W ostatnich dniach Umarex ogłosił wprowadzenie do oferty, przypominający do złudzenia pistolet Glock 17, trenażer (mylnie przez niektórych zwany bronią) zasilany ślepą amunicją P.A.K. 9mm.

 Trenażer różni się wizualnie od austriackiego pistoletu dwoma szczegółami – oznaczeniem kalibru na zamku i średnicą otworu lufy

Trenażer różni się wizualnie od austriackiego pistoletu dwoma szczegółami – oznaczeniem kalibru na zamku i średnicą otworu lufy

Urządzenie produkowane przez Umarex jest zewnętrznie wierną kopią piątej już generacji sławnego austriackiego pistoletu zasilanego amunicją 9x19mm. Dostarczane jest w pudełku, identycznym jak na broń produkowaną przez Glocka, wraz z odpowiednimi akcesoriami – wymiennymi okładzinami chwytu pozwalającymi na dostosowanie go do rozmiarów dłoni użytkownika (Licencjonowane Glocki od Umarex, 2017-09-24).

Zestaw, który otrzymuje nabywca obejmuje poza samym trenażerem, jeden magazynek, cztery dodatkowe okładziny (tylne) chwytu oraz wycior.

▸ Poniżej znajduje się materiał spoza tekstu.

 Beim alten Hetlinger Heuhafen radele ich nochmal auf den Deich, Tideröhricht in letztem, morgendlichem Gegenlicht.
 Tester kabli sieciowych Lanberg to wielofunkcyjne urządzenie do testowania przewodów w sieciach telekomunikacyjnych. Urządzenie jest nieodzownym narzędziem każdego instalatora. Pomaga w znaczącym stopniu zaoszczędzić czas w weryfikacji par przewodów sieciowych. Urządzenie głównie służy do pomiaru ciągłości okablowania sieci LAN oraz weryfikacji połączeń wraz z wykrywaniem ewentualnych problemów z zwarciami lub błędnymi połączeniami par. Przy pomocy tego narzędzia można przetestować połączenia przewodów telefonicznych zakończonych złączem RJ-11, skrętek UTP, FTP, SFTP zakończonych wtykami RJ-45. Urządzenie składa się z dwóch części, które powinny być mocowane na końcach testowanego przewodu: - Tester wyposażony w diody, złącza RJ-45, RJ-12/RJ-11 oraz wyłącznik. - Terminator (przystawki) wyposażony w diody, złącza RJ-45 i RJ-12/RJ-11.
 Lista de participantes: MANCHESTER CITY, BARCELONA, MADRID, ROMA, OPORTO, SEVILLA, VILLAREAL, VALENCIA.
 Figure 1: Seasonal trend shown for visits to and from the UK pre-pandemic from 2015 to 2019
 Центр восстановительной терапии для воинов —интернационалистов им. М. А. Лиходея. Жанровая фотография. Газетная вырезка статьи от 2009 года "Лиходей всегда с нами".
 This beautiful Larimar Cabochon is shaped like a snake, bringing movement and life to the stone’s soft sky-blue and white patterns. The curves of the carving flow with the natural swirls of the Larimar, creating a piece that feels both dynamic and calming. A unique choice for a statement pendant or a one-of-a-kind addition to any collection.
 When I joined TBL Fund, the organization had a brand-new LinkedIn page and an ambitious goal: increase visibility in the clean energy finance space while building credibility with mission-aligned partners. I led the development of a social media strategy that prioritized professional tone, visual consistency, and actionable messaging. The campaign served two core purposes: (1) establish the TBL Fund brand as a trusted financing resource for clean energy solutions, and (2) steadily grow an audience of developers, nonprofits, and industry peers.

Do urządzenia dołączona jest również przystawka do wystrzeliwania rac.

Trzeba pamiętać, że nie jest to broń i w żadnym wypadku nie wolno stosować tego urządzenia jako narzędzie do obrony własnej. W przypadku trafienia na zdeterminowanego napastnika konsekwencje mogą być więcej niż poważne / Zdjęcia: Umarex

Trzeba pamiętać, że nie jest to broń i w żadnym wypadku nie wolno stosować tego urządzenia jako narzędzie do obrony własnej. W przypadku trafienia na zdeterminowanego napastnika konsekwencje mogą być więcej niż poważne / Zdjęcia: Umarex

Glock 17 Gen5 9mm P.A.K – bo taką pompatyczną nazwę nadano temu  straszakowi – wykonany jest bardzo dokładnie. Jakość użytych materiałów nie wzbudza zastrzeżeń, a oznaczenia (poza dodatkowym, obowiązkowym wskazującym na stosowany kaliber) również wiernie oddają te na oryginale. Podobnie jak w oryginale magazynek produktu Umarexa mieści 17 sztuk ślepaków.

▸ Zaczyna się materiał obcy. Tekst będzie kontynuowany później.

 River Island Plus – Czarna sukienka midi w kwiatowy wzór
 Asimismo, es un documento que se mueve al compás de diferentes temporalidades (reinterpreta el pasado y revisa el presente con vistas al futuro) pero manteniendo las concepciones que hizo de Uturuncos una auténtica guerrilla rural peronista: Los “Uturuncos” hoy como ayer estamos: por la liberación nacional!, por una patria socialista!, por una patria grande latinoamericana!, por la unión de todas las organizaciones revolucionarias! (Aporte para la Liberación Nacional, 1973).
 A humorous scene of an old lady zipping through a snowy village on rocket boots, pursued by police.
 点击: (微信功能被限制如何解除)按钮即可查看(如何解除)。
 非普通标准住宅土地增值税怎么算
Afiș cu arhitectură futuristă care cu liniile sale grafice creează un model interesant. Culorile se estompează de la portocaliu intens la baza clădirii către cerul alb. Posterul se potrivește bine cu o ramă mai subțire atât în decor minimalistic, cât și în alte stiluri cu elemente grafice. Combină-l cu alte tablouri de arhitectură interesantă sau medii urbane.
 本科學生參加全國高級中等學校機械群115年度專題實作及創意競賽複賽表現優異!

Energia spalanego w nich prochu pozwala na sprawne funkcjonowanie samopowtarzalnego trenażera. Wrażenia z użytkowania powinny być więc z grubsza podobne do tych, które ma się strzelając z broni palnej. Piszę podobne, gdyż trudno porównywać powiedzmy doznania smakowe związane z konsumpcją wołowego steka do sensacji przy wypełnianiu żołądka wegańskim kotletem sojowym o smaku kurczaka.

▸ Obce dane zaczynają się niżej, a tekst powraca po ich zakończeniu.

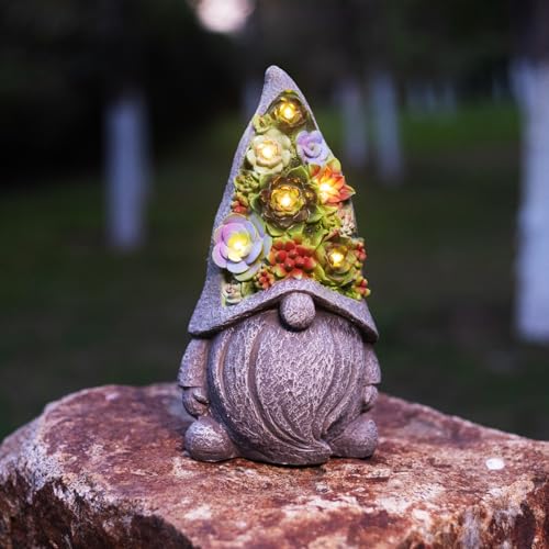 Ovewios Solar Garden Statues Gnomes Figurine with Succulent and LED Lights - Garden Gnome Statues Decorations for Yard, Outside, Patio, Balcony - Gardening Housewarming Birthday Gifts
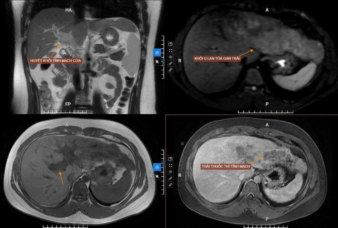 Sau khi tiến hành hội chẩn, các bác sĩ kết luận đây là khối ung thư gan lan tỏa nhu mô gan phải, có xâm lấn và gây huyết khối tĩnh mạch cửa.
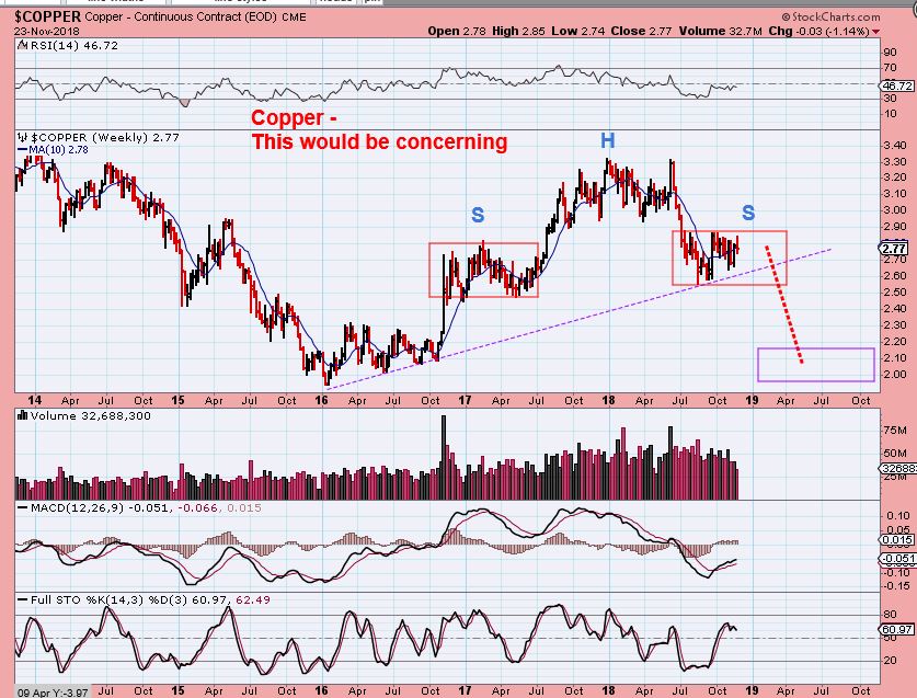 COPPER #1 –  Copper is at a long term uptrend similar to what Oil just crashed through. I would have expected ‘inflation’ to continue pushing up the commodities, but when Oil crashed down  (and Gold dropped rapidly this summer too), I wanted to look at this chart of Copper.   THIS WOULD BE  BULLISH. A consolidation similar to 2017, but…
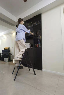 [Space saving] The 3-step ladder is only 2 inches wide when folded, saving your space. Easy to carry, suitable for indoor or outdoor use. It can be folded tightly to fit in narrow places. When idle, it can lean against the wall or corner, can be placed under the bed or cupboard and stored
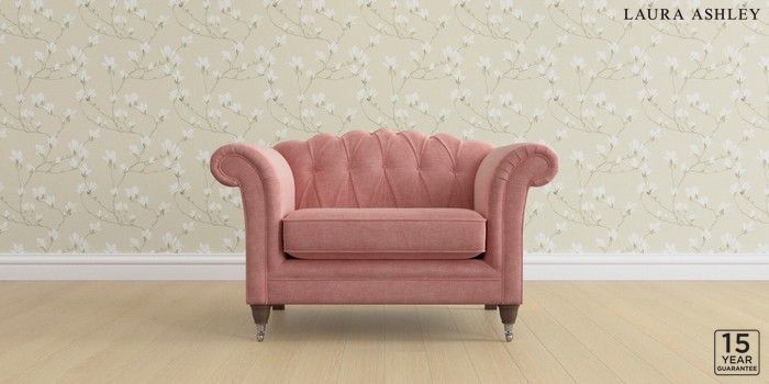 6.12.1 Buy Gloucester Button Back by Laura Ashley Snuggle Bainton Old Rose Pink Low Chrome Castor - Chestnut from the Next UK online shop Click here to use our accessible website

Dość jednak złośliwości. Produkt Umarexa wykonano więcej niż poprawnie. Zadbano o właściwą teksturę chwytu, szynę montażową oraz poszerzone – zgodnie z obowiązującymi trendami – gniazdo magazynka. Nawet przyrządy celownicze – zbędne przecież w zabawce – są wymiarowo zgodne z oryginalnymi i mogą być wymieniana na dostępne na rynku. Podobnie przycisk zwalniania zamka, zdublowany po obu stronach szkieletu bezpiecznik czy nacięcia na zamku ułatwiające przeładowanie/sprawdzenie stanu komory. Zgodność wymiarów dotyczy również całego szkieletu oraz zamka – trenażer można więc nosić w standardowej kaburze mieszczącej pistolet Glock 17.

O tym, z czym mamy do czynienia, świadczy przede wszystkim średnica otworu lufy – około 6mm. Jako, że wydostają się przezeń zaledwie gazy prochowe, nie ma potrzeby, by odpowiadała ona choćby z grubsza średnicy naboju – który w tym wypadku wynosi 9,55mm.

Poza Polską tego typu trenażery są zwykle dostępne bez ograniczeń i pozwoleń. U nas jednak urzędnicy w mundurach konsekwentnie uważają, że tego typu urzadzenia nie spełniają zapisów zawartych w ustawie, gdyż uznali, że kaliber takich urządzeń mierzy się w komorze nabojowej a nie w przewodzie lufy. Policja Polska uznając niezgodność z przepisami ściga posiadaczy tego typu urządzeń.